3. With your hands and fingers, dredge up the fertile muck that accumulated all fall and winter. Bend low. Reach out. Scoop up the accretions of stones and silt. While backhoes are designed to relieve such labor, using fingers to rake away the gravel is your pathway to the multiplicity of colors, temperatures, densities, weights, sounds, directions, tastes, and smells. Each sensation is enriched because it is traceable to a perceivable source, unlike water that flows predictably and anonymously from faucets.

4. Bending low also provides the ideal vantage point for observing the creek’s virtuoso performance. Placid waters oscillate with splashes, splatters, sprays, and bubbles. Surges, sedimentation, erosion, and accretion reshape the stream’s banks and reroute its course. As you clear away the surface drift, the newly released water tumbles, offering a profusion of topographical features that are as enduring as outcroppings of bedrock and massive tree roots, and as fickle as accumulations of leaf litter and fish nests. Enhance these qualities. Unclog the waterway. Watch clear water flow freely. Create space. Open time. Create a symphony of tumbling water. Restore your drainage to its post-glacial prime – refreshed and unobstructed. Act as a glacier.

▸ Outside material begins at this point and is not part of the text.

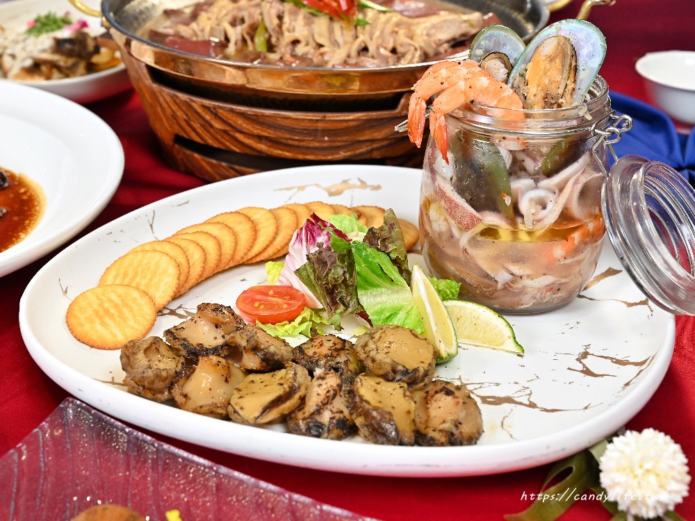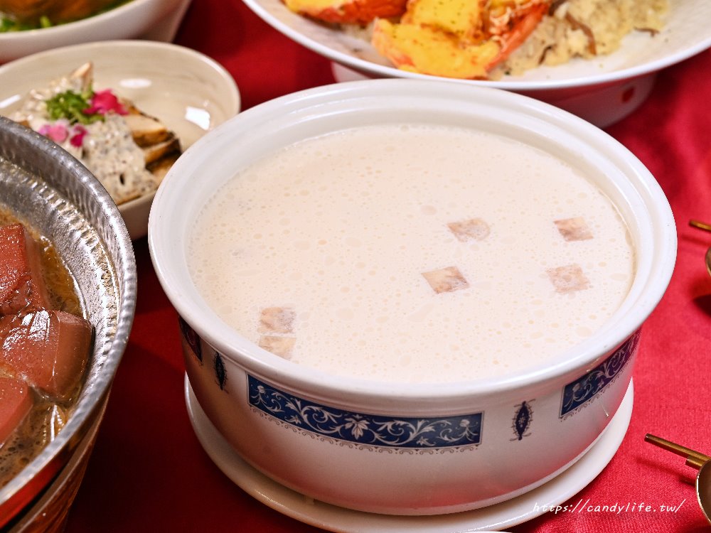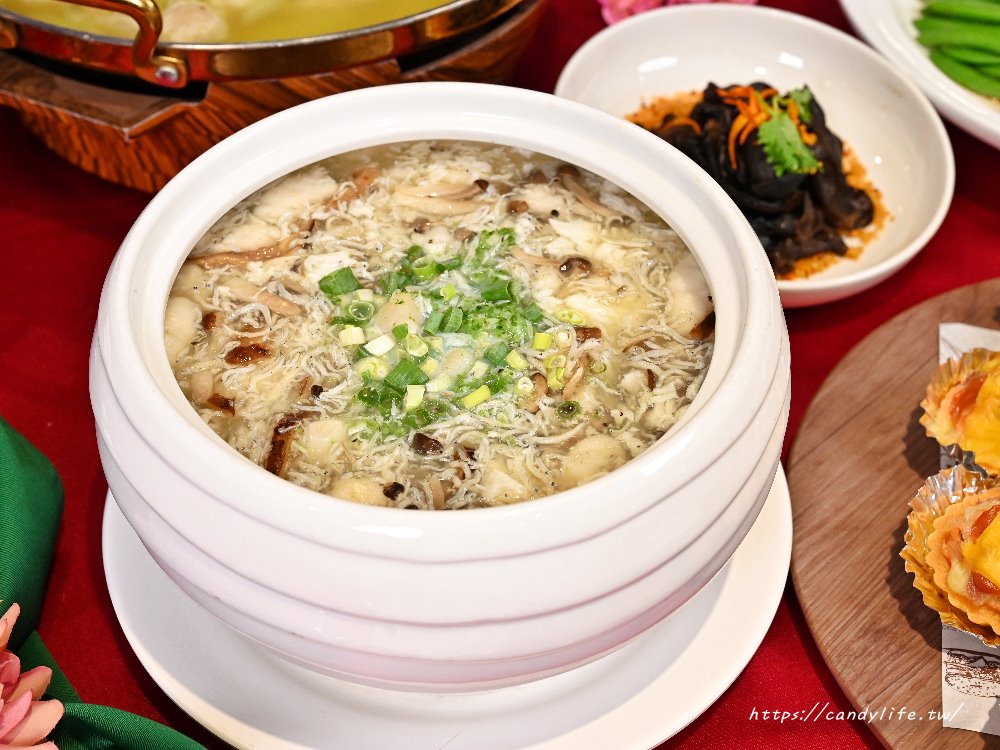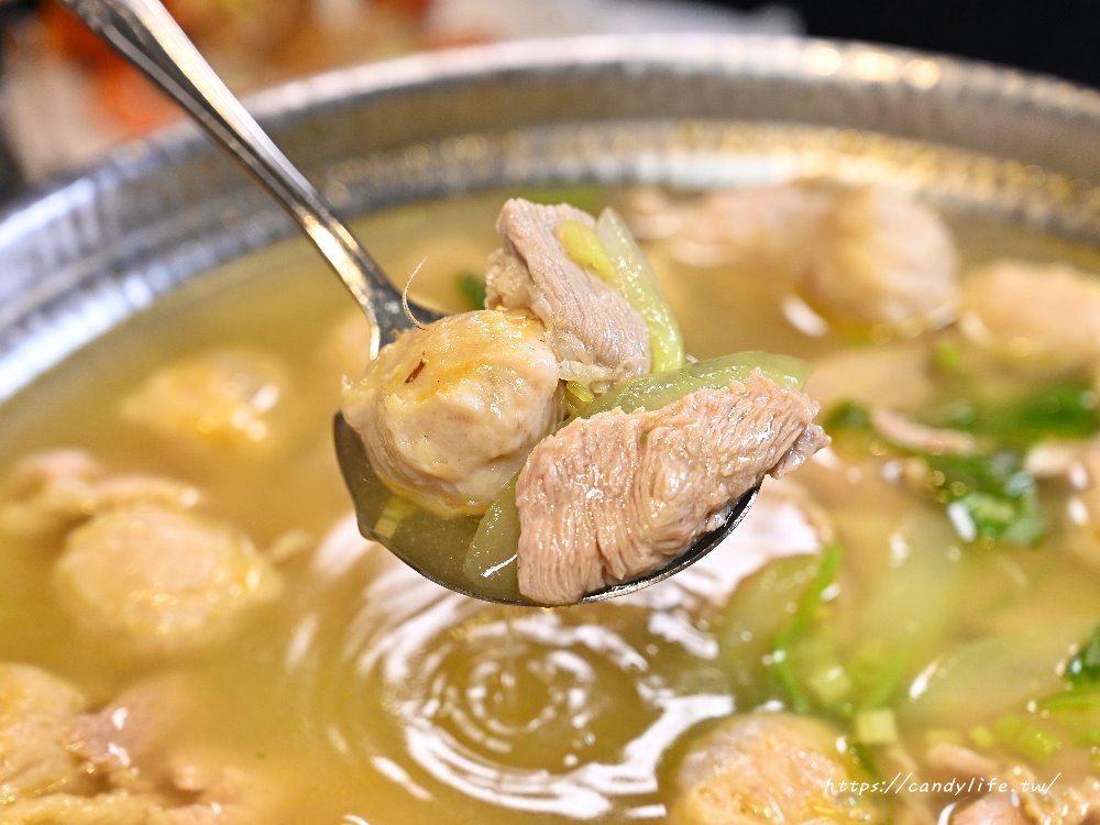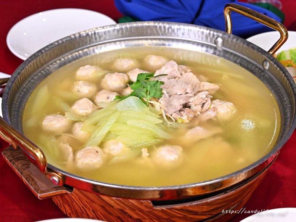 裡頭的魚翅丸不僅彈牙爽口,更能品嚐到滿滿海味的鮮甜細膩,厚切梅花豬肉嫩而多汁,搭配吸飽湯汁與清脆多汁的大黃瓜,湯底溫潤甘甜,是一鍋兼具澎湃視覺與家常溫馨的暖心湯品

5. Even such gentle interventions carry significant consequence. Once you remove the surface deposits from the streambed, you must decide where to place them. That is when watershed house-keeping merges with watershed horticulture. Offer the fertile muck to the young life sprouting along the banks.

5. Options abound. Your decision regarding where to relocate each handful of sediment will determine the fate of crawfish, toads, turtles, moss, and mushrooms. Which species receive new luxury habitats? Which are issued eviction notices?

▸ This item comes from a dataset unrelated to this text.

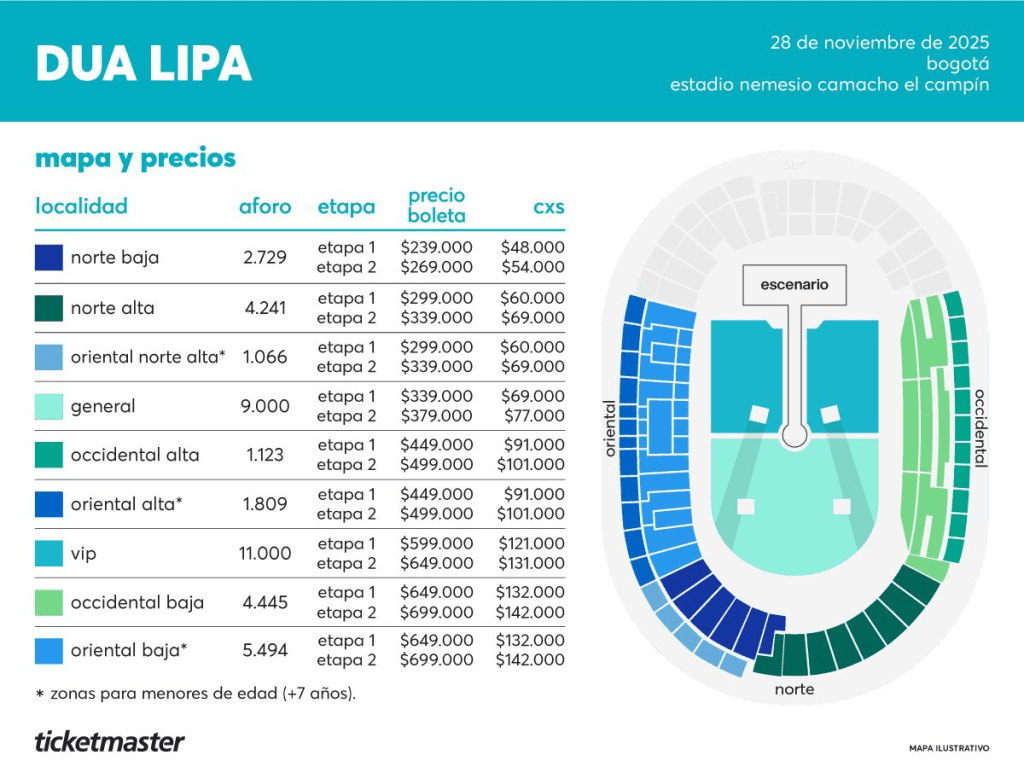 La boletería para el concierto en Bogotá conserva localidades limitadas, con precios que van desde $239.000 hasta $699.000, dependiendo de la ubicación en el estadio. En plataformas como Ticketmaster aún se encuentran algunas entradas disponibles en zonas específicas, mientras que la mayoría ya registran agotado.

6. Welcome the wildlife. Unbeckoned, it will conduct the ultimate act of sorting, distributing, claiming, and occupying the aquatic conditions you refurbished, and the terrestrial habitats you refurbished. As partners, you reinvigorate the seasonal and geologic cycles.

Signs Of Death

20% OF CARBON ENTERING THE ATMOSPHERE TODAY WILL STILL BE IN THE AIR 1,000 YEARS FROM NOW

Signs Of Life

THERE ARE 50 BILLION MICROORGANISMS IN ONE TEASPOON OF SOIL

Topo-graph: draw a walk September 2022

Decide where you want to walk, and why. Download a tracking app—I use GPS Tracks. Start your walk, and the app’s tracking feature.

Walk. Seek special places or paths. Find desire lines. Linger when you find points of inspiration. Be aware, and thankful. Observe and detour around interruptions, like roads, fences, waterbodies, buildings. Listen to your body and to your spirit. Follow your feet.

Complete the walk and stop the track. Save it and export it to yourself.

Import your track into a drawing or mapping program, preferably with topography. I use GIS. Print it on paper or another support of your choice. Complete the drawing with your fingers. Seek an exchange between the line made by your feet, those made by your fingers, and the terrain revealed through the map data.

You have made a topo-graph, revealing the interplay between the planet’s flows—gravity, water, sunshine, shade—and your own flows—your feet, your hand, your head, and your heart.

What have you learned? Was your walk beautiful? Was it truncated or edited by regrettable intrusions, human-made or natural? Can you advocate for a more beautiful world, conducive to more beautiful walks?